At the outset let me congratulate our hosts on the occasion of the Fortieth anniversary of the Supreme Constitutional Court of Egypt. My own Court is not even twice as young, however even brief acquaintance with issues that you are confronted with reveals similarity with what we in Russia have to deal. Historical, political, cultural, economic or social environments notwithstanding, the constitutional justice in different jurisdictions often adopts similar approaches thus serving as a common denominator for an inter-civilizational dialogue.
1. Political, along with individual, rights, belong to what is known as “first generation human rights”. Their mission is to ensure popular participation in public and political affairs of a nation, in governing the state, in formation of bodies of state power and of local self-government and participation in their activities.
However, the implementation of political rights is determined by cultural, ethnical and confessional orders incidental to particular civilizations. Constitutional guarantees of political rights are most prone to influences inherent to development of specific civilizations and countries.
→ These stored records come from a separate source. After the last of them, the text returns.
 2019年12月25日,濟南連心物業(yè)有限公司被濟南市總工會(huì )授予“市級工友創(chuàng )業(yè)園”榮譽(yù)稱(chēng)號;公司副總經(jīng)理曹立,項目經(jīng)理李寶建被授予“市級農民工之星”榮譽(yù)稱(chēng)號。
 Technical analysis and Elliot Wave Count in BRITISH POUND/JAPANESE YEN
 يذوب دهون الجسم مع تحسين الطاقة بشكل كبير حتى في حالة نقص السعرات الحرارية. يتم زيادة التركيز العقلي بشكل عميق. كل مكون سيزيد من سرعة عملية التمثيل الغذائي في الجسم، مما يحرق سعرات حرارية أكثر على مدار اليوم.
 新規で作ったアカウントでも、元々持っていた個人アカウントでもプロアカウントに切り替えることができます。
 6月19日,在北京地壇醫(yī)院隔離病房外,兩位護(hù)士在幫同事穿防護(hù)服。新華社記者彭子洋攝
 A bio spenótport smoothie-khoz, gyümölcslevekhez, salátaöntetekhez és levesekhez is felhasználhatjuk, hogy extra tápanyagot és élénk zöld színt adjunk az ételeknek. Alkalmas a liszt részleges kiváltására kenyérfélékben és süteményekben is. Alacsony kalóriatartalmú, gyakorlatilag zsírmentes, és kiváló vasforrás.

It is not merely a matter of existence of a right or its absence. Rather it is a matter of specific expression of that right within the context of political, legal and cultural features of a given stage of development of a particular country. Needles to say that no one is entitled to lecture others as to what is right and what is wrong. According to a well-known report “Alliance of Civilizations”, commissioned by the UN Secretary-General, “there is no hierarchy among cultures, as each has contributed to the evolution of humanity. The history of civilizations is in fact a history of mutual borrowing and constant cross-fertilization.”
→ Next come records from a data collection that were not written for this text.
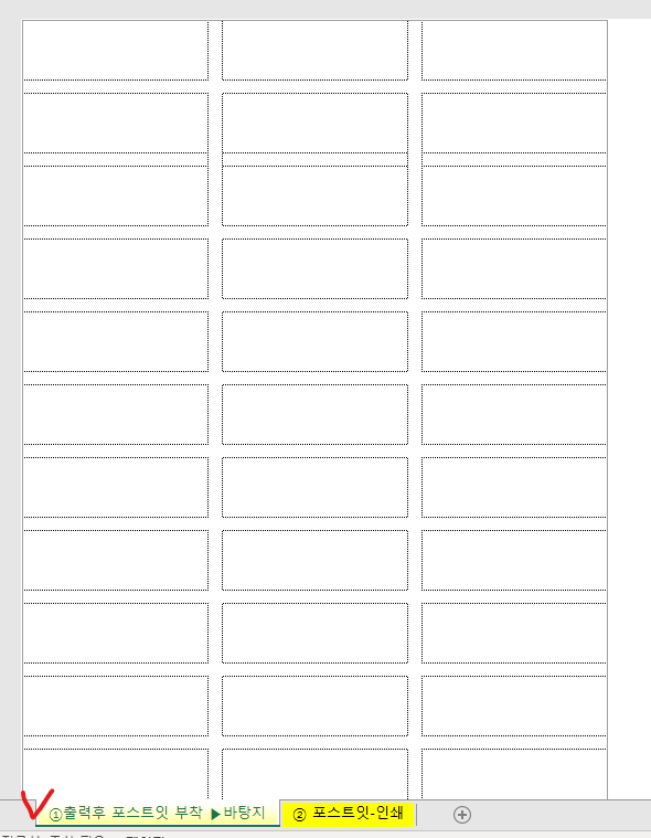 ① "출력 후 포스트잇 부착 ▶바탕지" 시트 인쇄
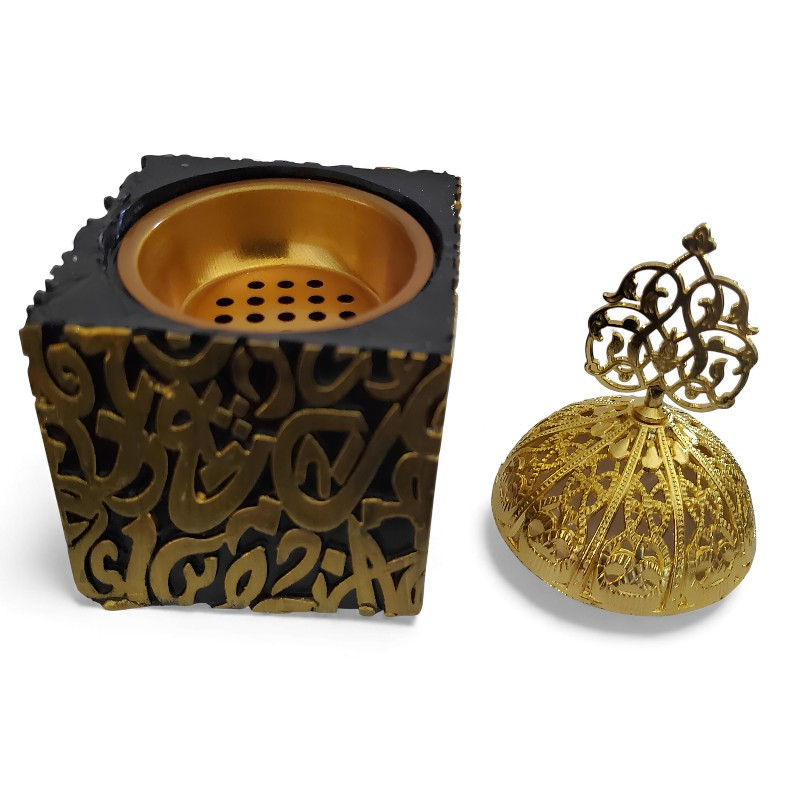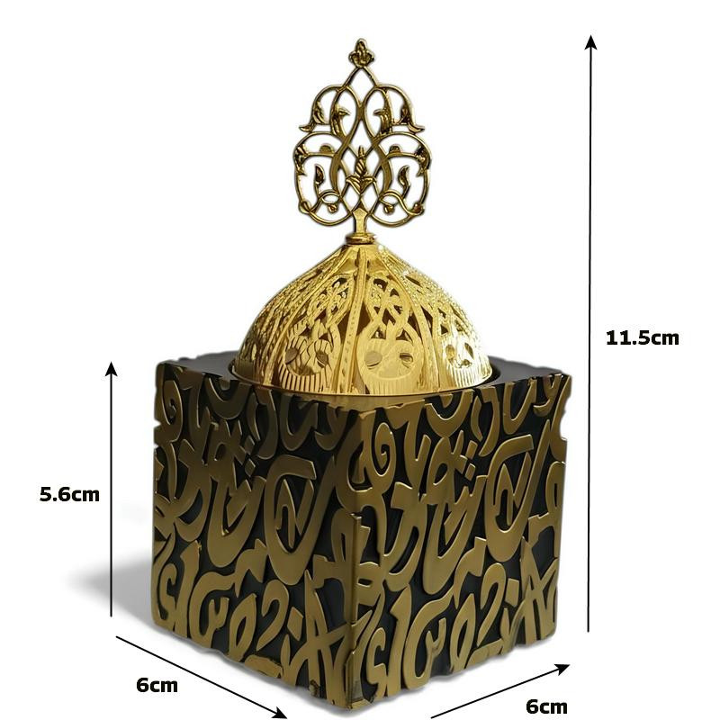 Avec sa base carrée de 6 × 6 cm et une hauteur totale d’environ 11,5 cm, il trouve facilement sa place dans un salon, une chambre ou un coin prière. Sa coupole dorée finement travaillée diffuse les senteurs tout en laissant apparaître la lumière et la fumée, créant une atmosphère chaleureuse et enveloppante.
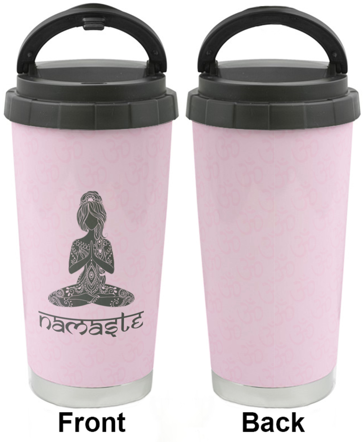This design is customizable. We chose to use the om background with two shades of pink. We have other yoga backgrounds that you can choose from. We chose the large graphic and text style, where the graphic is of a beautiful woman sitting in lotus pose with prayer hands in pink and dark grey. We have many different yoga graphics that you can choose from including the tree pose and meditation pose. We chose to use the word Namaste in the Sanskrit font. You can choose the personalization, the font and the colors.
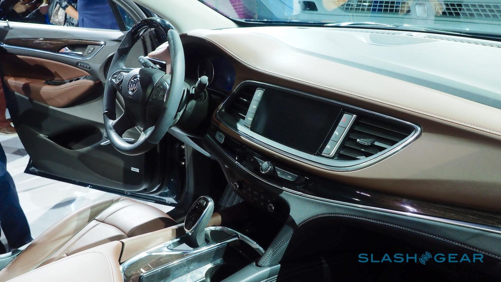 Buick has thrown a fair amount of technology at the SUV, too. Outside, there are more than 100 LEDs, including plenty in the projector headlamps and tail lamps. Buick is using Evonik Acrylite for the clusters, which promise more consistent lighting that both looks better and performs better in low-light situations. Adaptive cruise control and full-speed aytomatic braking are on offer, and there's continuously variable real-time damping plus a Sport mode for more spirited drivers.
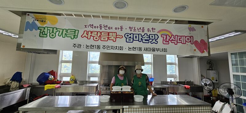 인천시 남동구 논현1동 행정복지센터는 새마을부녀회(회장 최영애)에서 지역아동센터 아이들을 위한 간식 나눔 행사인 ‘건강가득! 사랑듬뿍~ 엄마손맛 간식데이’를 진행했다고 22일 밝혔다.
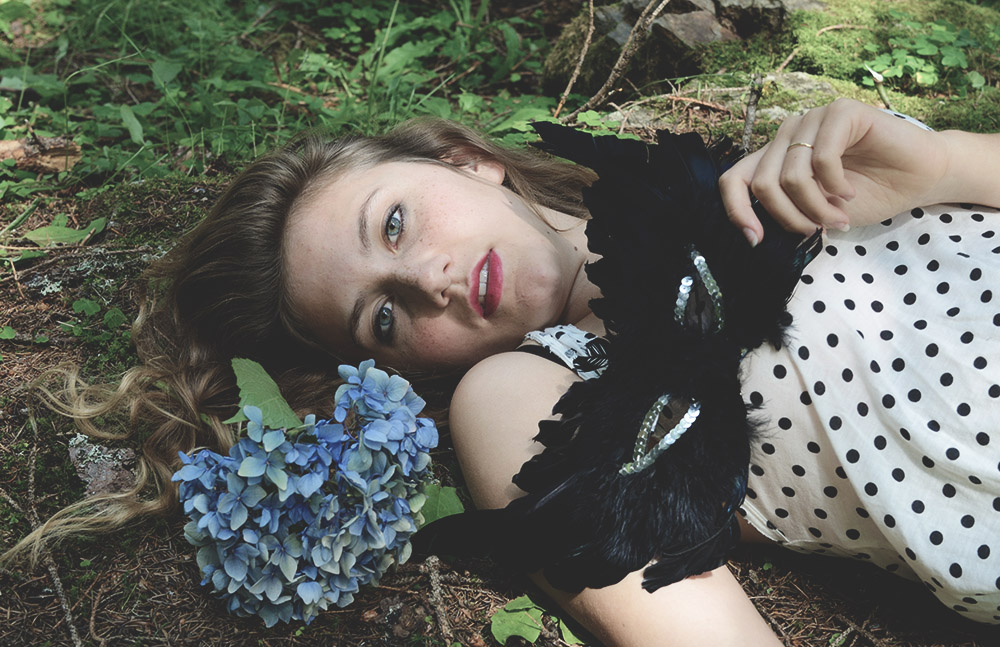 Uno dei migliori scatti tra quelli che ci hai proposto recentemente. Ottima la luce, delicata la resa dei toni. Mi piace molto il richiamo tra il colore dei fiori ed il colore degli occhi della modella. Personalmente avrei solo evitato la mano e la maschera nell'inquadratura. Smile

Yet the world is arranged in such a way that due to interpenetration and mutual influence between cultures one may identify numerous constitutional values that were adopted by a majority of states. They reflect common ideals of international law comprehensible to popular masses their national, cultural or religious identity notwithstanding, and include sovereign equality of states, prohibition on the use of force or threat of force, non-interference in internal affairs, respect for human rights, international cooperation, etc. International implementation of those very constitutional values would ensure the maintenance of international order and stability, the alternative being a mono-polar world governed by the power of the might.
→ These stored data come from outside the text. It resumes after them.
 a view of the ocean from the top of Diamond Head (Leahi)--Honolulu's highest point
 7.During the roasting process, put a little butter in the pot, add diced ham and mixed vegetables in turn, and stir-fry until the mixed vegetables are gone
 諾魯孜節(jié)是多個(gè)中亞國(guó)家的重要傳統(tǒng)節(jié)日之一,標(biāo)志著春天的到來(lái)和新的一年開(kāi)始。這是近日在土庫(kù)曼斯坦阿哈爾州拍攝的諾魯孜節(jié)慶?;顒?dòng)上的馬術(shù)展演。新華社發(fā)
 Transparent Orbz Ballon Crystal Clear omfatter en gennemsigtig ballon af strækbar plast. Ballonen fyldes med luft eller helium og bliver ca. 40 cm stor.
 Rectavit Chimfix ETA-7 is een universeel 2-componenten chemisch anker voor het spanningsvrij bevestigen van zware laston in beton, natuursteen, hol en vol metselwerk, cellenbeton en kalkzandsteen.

While we reject the notion of the “conflict of civilizations” we ought to recognize distinct and even significant differences between Western and Oriental ways of thinking, lifestyles, and national legal systems. Historically it was the West European space that served as proving grounds for emerging political rights. But any attempt to indiscriminately import them into dissimilar cultural, social, economic environments would oftentimes lead to a problem of compatibility with the mentality of peoples that matured in different cultural, religious or communal traditions. It is generally inevitable for a particular cultural environment to resist the imposition of alien legal institutions upon national legal systems. Even the European Union which is the product of successful integration had to cope with such conflicts. In its own turn, resistance to such impact may have a boomerang effect and lead to regionalization of rights and freedoms and adaptation of universal values to historical, cultural, religious factors that define a particular type of civilization.
For example, many Asian states would not share one of the principal postulates inherent to Western notion of a democratic society prioritizing individual human rights. To an extent that may be applicable to Russia where the state has traditionally and through the ages of Russian history played a primary role in economy and in most spheres of public life. Hence public irresponsiveness to certain traditional West European legal institutions.
The reason for that is the deformation of Western political values as they are being promoted to other parts of the world, leading to their rejection. We witness that process in many countries that have only recently been referred to as “new democracies”.
That raises the question of limits and modalities of proliferation of universal ideas and values, in other words, whether it is permissible to apply coercion in any form to achieve that goal. To what extent it would be justified to force certain ideas or way of life on particular peoples or countries for whom those ideas may be essentially alien? And if they are rejected, would it be permissible to impose those values invoking the right of the might and alluding to the need to do good to feeble.
Recent events have proven the bankruptcy of such practices. Any attempt to forcefully plant political values and legal institutions that evolved in a specific cultural environment into a foreign and unbroken soil would ultimately create hotbeds of tension, confrontation and conflicts that international community may not be able to control effectively. Drive for hegemony leads to destruction rather than to creation.
But disparity and even sharp contrast in ways of life, thinking, culture can, odd as it would seem, exert positive influence. The recognition of differences may incur the urge to seek commonalities and treat each other with more tolerance. It is through realization of community and acceptance of particular developmental features of others that the humanity could identify true universal human values and give to the international legal system a powerful impetus to further development.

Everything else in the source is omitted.